● **Your goal**
Repeat the listing verbatim. Drop any pictures.

*** Opening Exercise data ***

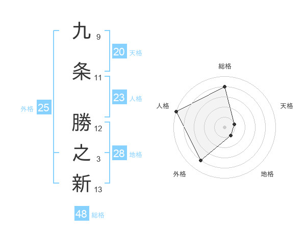 九条 勝之新さんを姓名の画数から五運を鑑定
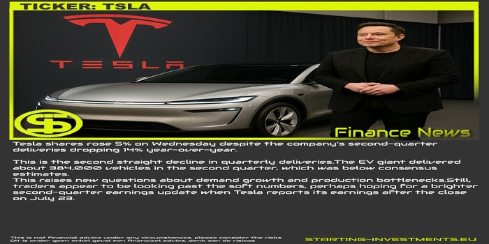 Tesla-aandelen stegen woensdag met 5%, ondanks het feit dat de leveringscijfers van het bedrijf voor het tweede kwartaal een daling van 14% op jaarbasis lieten zien.
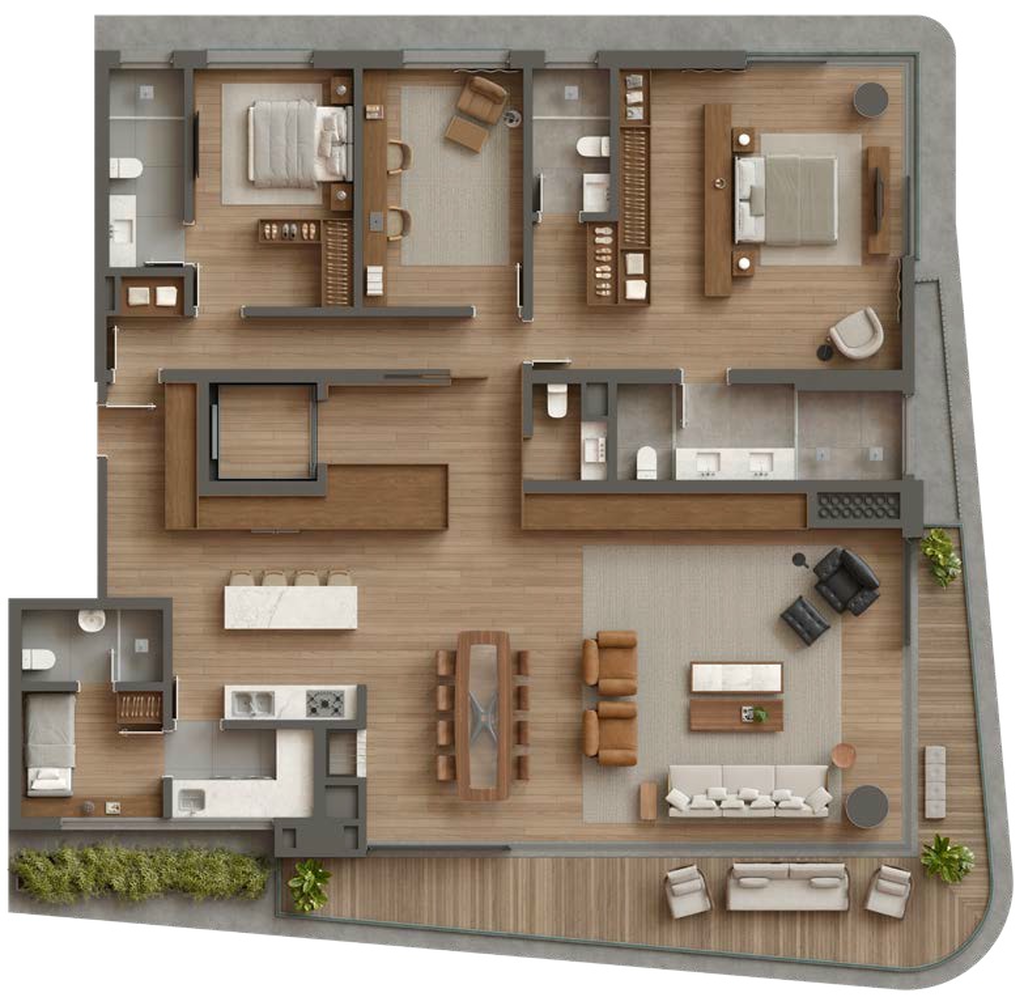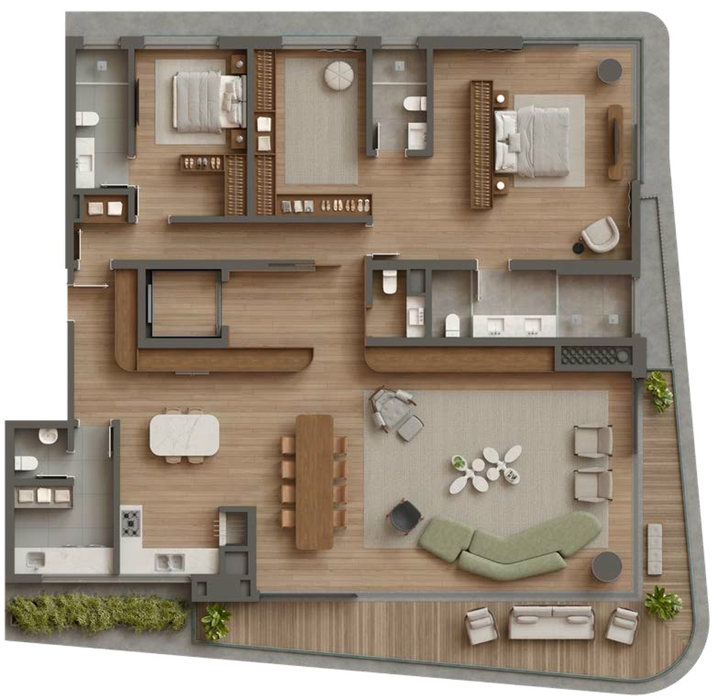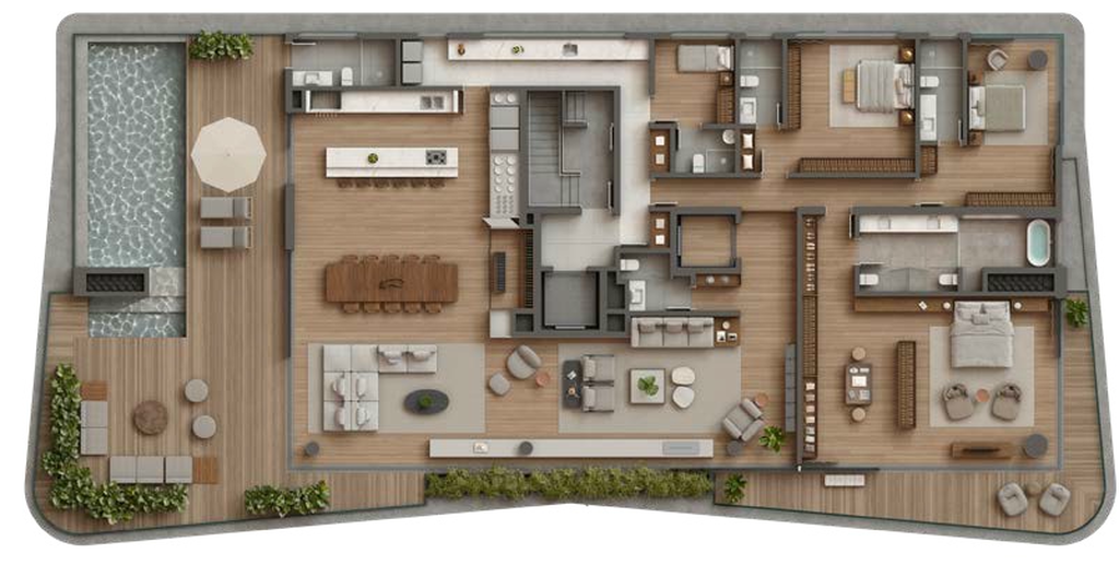 Esse jeito autêntico de ser e viver inspirou Brava. Sua arquitetura de linhas sinuosas marcantes cria dinamismo e personalidade em todos os espaços.

*** Closing Exercise data ***

● **Exercise answer**
 九条 勝之新さんを姓名の画数から五運を鑑定
 Tesla-aandelen stegen woensdag met 5%, ondanks het feit dat de leveringscijfers van het bedrijf voor het tweede kwartaal een daling van 14% op jaarbasis lieten zien.
 Esse jeito autêntico de ser e viver inspirou Brava. Sua arquitetura de linhas sinuosas marcantes cria dinamismo e personalidade em todos os espaços.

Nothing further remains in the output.